On the bright side of things, DeSean Jackson score on a 67-yard reverse and a 57-yard pass from Donovan McNabb. The rookie from Cal is the most explosive weapon McNabb has had with him since Terrell Owens.
Whoops, that’s Eagles news.



Dan Synder needs to go ahead and fire Jim Zorn right now. The Redskins are definitely lost on offense. Even though Jason Campbell has received his share of criticism, but what about Clinton Portis? He has been virtually non-existent and injury prone for nearly three years. Now he has been quiet for the most part and hasn’t publicly criticized his team, but I think the Redskins need to go in another direction in regard to their running game.
Portis isn’t the same explosive player that was when he was with Denver several years ago.
Campbell needs a consistent power running game and I don’t beleive Portis is the answer at this time. The Redskins do have O-Line issues, but it is generally easier to run-block than to pass block, but Campbell is throwing the ball way too many times per game.
It also reminds me of the Terrell Pryor situation at Ohio State. Pryor, just like Campbell is on an ‘island’ of uncertainty and the running game is absolutely non-existent. To me it starts with the running game.
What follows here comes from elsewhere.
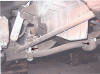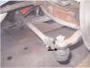 Remove the nut off the front of the lower control arm shaft and slide the lower control arm back out of the K-frame along with the strut rod. The first photo below shows the lower control arm and shaft. Remove all the bushings from the strut rod. Note the order in which the bushings and washers are installed on the original rod as shown below in the photo at right.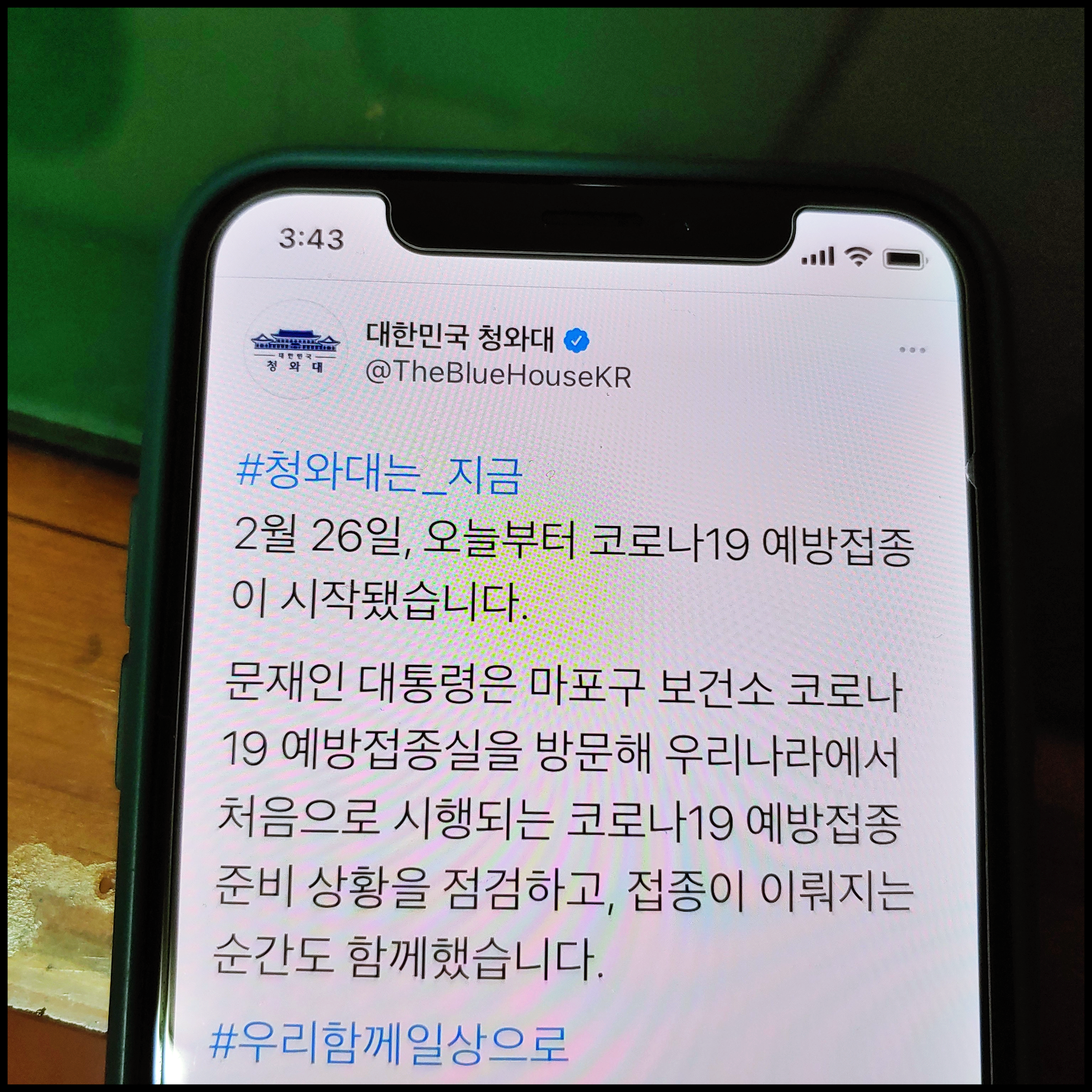 [사진 = 대한민국 청와대 공식 트위터에서는 2월 26일부터 코로나19 예방접종 시작됐다고 밝혔습니다. (C) 대한민국 청와대 공식 트위터]

In Atlanta last year, to protect Matt Ryan, they drafted the 245 lb Michael Turner in New York, Brandon Jacobs had been the feature back along with Ahmad Bradshaw to help protect Eli Manning.
Patrick,
If you look at Michael Turner’s numbers in Atlanta, the question about the tread left on his tires has to loom large though. He’s not old by NFL standards, but he did tote the rock a BUNCH last year to keep defenses honest, which means he took a lot of dings, nicks and hits to save Ryan from both injuries and the rookie errors that help lose games. Are the extra carries from last year having an effect?
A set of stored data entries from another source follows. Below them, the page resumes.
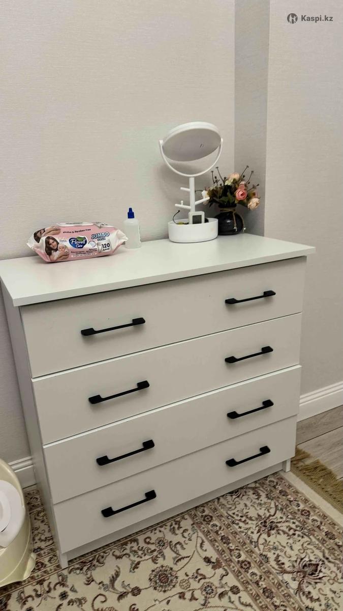 Комод Letta Miro, белый Размер 75×39×72 см, ЛДСП, 4 ящика. Состояние хорошее, у второго ящика сломана задвижка (можно починить). Покупали за 27 000 тг, цена 10 000 тг. Продается в собранном виде, самовывоз.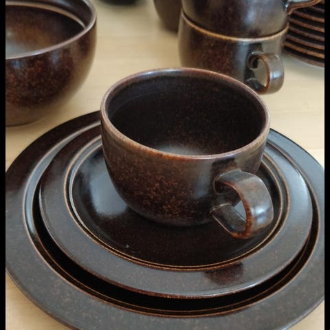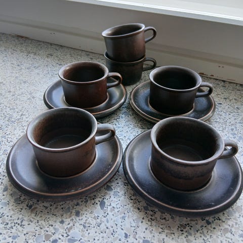 Arabia Ruska kahvikannu ja neljä kahvikuppia ja aluslautasta. Kolme ylimääräistä aluslautasta. Nouto Pakilasta.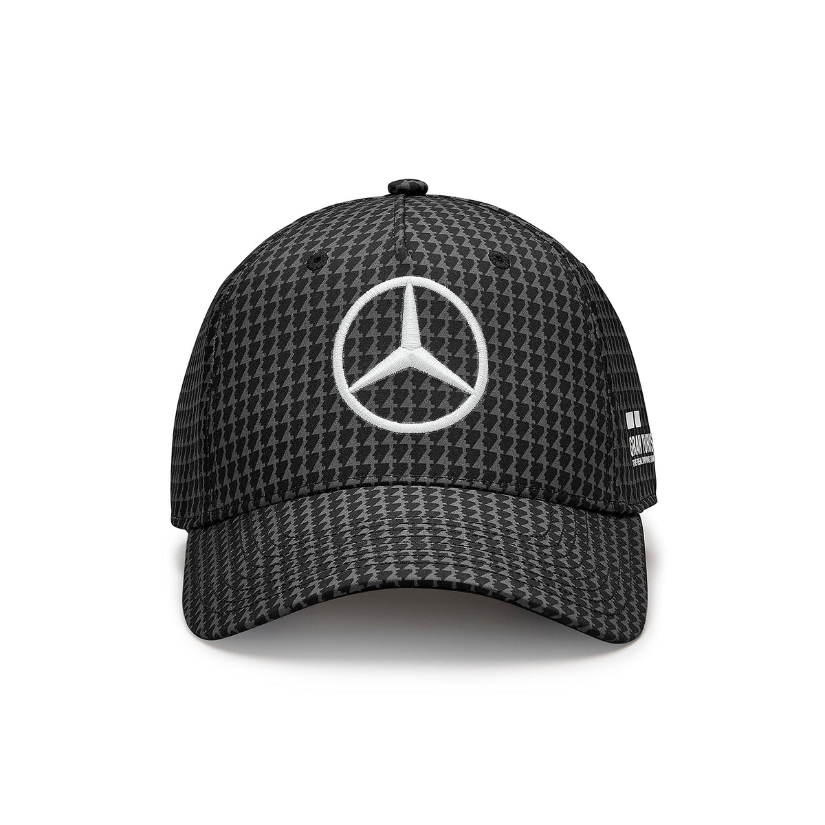 Q: What distinguishes this hat from other racing apparel?A: This hat features a unique '44' houndstooth print, embroidered Mercedes star logo, and printed sponsor branding, making it a standout accessory for fans of Lewis Hamilton and the Mercedes AMG Petronas Formula One Team.

As for the Redskins, Joe Theismann does a radio show here in the DC Metro area, and he said that Gibbs brought in Campbell to run JOE’S offense. Sadly, that offense that Joe runs is not predicated on West Coast Offense principles. In San Diego when he was the OC for Don Coryell’s teams? He had Fouts, Jefferson, Joiner, Muncie, and Winslow at WR, RB and TE. And they went up and down the field with a high-wire act that was fun to watch. When he got to DC, he used three different QB’s with the same counter-gap/counter-trey running play to highlight a ball control offense. Basically, the model for Gibbs is like Earl Weaver’s old baseball teams that preached picthing, defense and the three-run homer. Gibbs’ teams was running the football, defense, and throwing the ball outside to Art Monk and Gary Clark.
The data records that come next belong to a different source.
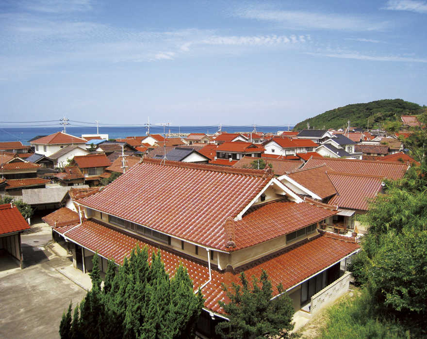 石州の青い海辺にたたずむ小さな漁村の赤い屋根、
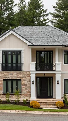 This house practically screams “comfy vibes only.” It’s got that classic look, but with a modern twist that says, “Yeah, I’m stylish, but I also have a really awesome snack drawer.” Just picture curling up on a plush couch inside with a good book while the rain patters against those giant windows. Forget about world domination, this house is all about ruling the realm of relaxation.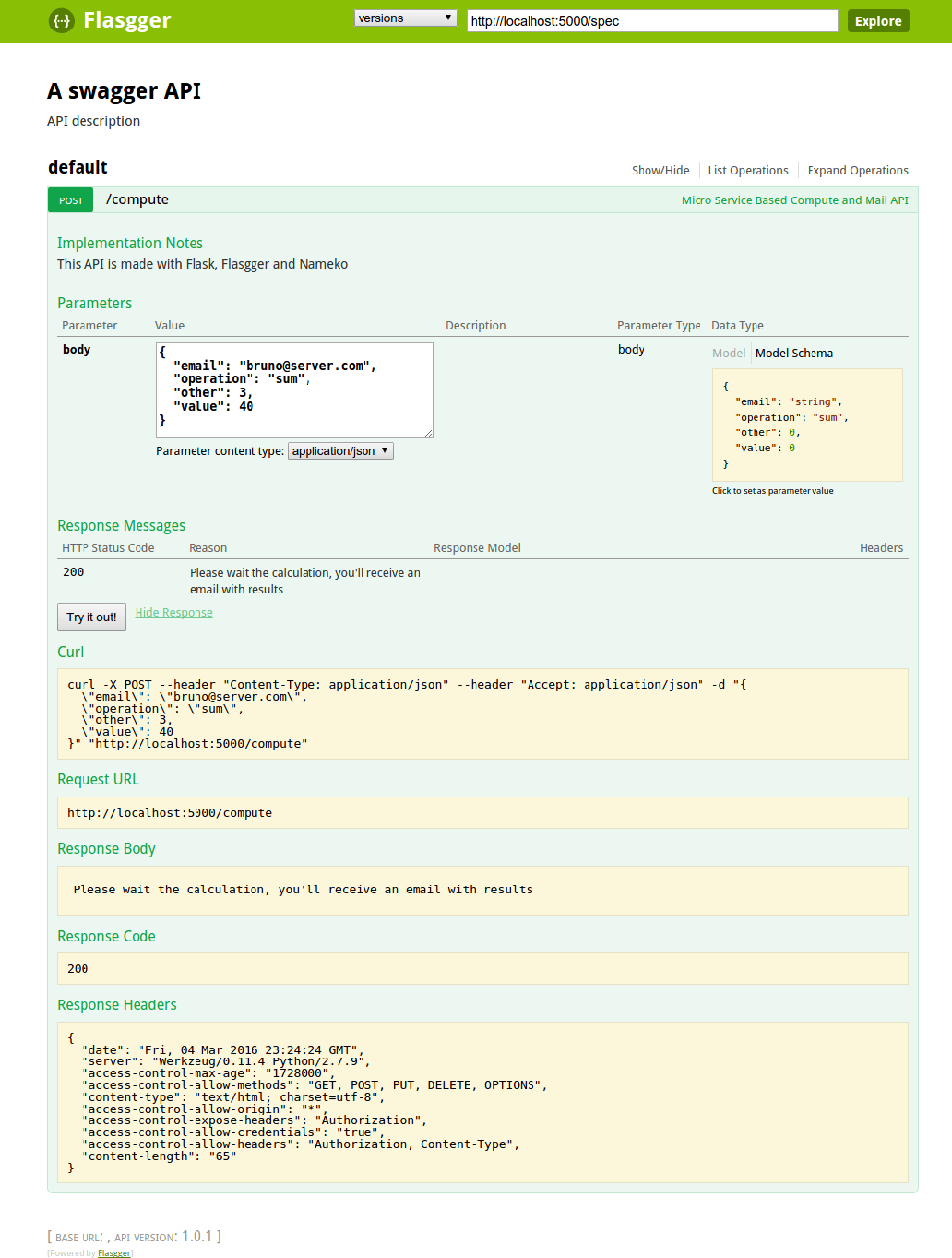 from flask import Flask, request from flasgger import Swagger from nameko.standalone.rpc import ClusterRpcProxy app = Flask(__name__) Swagger(app) CONFIG = {'AMQP_URI': "amqp://guest:guest@localhost"} @app.route('/compute', methods=['POST']) def compute(): """ Micro Service Based Compute and Mail API This API is made with Flask, Flasgger and Nameko --- parameters: - name: body in: body required: true schema: id: data properties: operation: type: string enum: - sum - mul - sub - div email: type: string value: type: integer other: type: integer responses: 200: description: Please wait the calculation, you'll receive an email with results """ operation = request.json.get('operation') value = request.json.get('value') other = request.json.get('other') email = request.json.get('email') msg = "Please wait the calculation, you'll receive an email with results" subject = "API Notification" with ClusterRpcProxy(CONFIG) as rpc: # asynchronously spawning and email notification rpc.mail.send.async(email, subject, msg) # asynchronously spawning the compute task result = rpc.compute.compute.async(operation, value, other, email) return msg, 200 app.run(debug=True)

Why Gibbs gave up draft picks for Campbell is a mystery seeing as how he tried to shoe-horn the guy into an offense he’s not suited for anyway. Campbell’s a seven-step drop guy. But that only works if there’s a running game to keep the front seven honest. While he’s dropping back, those front seven guys are coming hard with the down four and the linebackers are barely dropping, so there’s very little underneath….
DJ’s no rookie.
Blake Griffin might be karma to Donald Sterling, then this is karma for the Redskins keeping their name in court.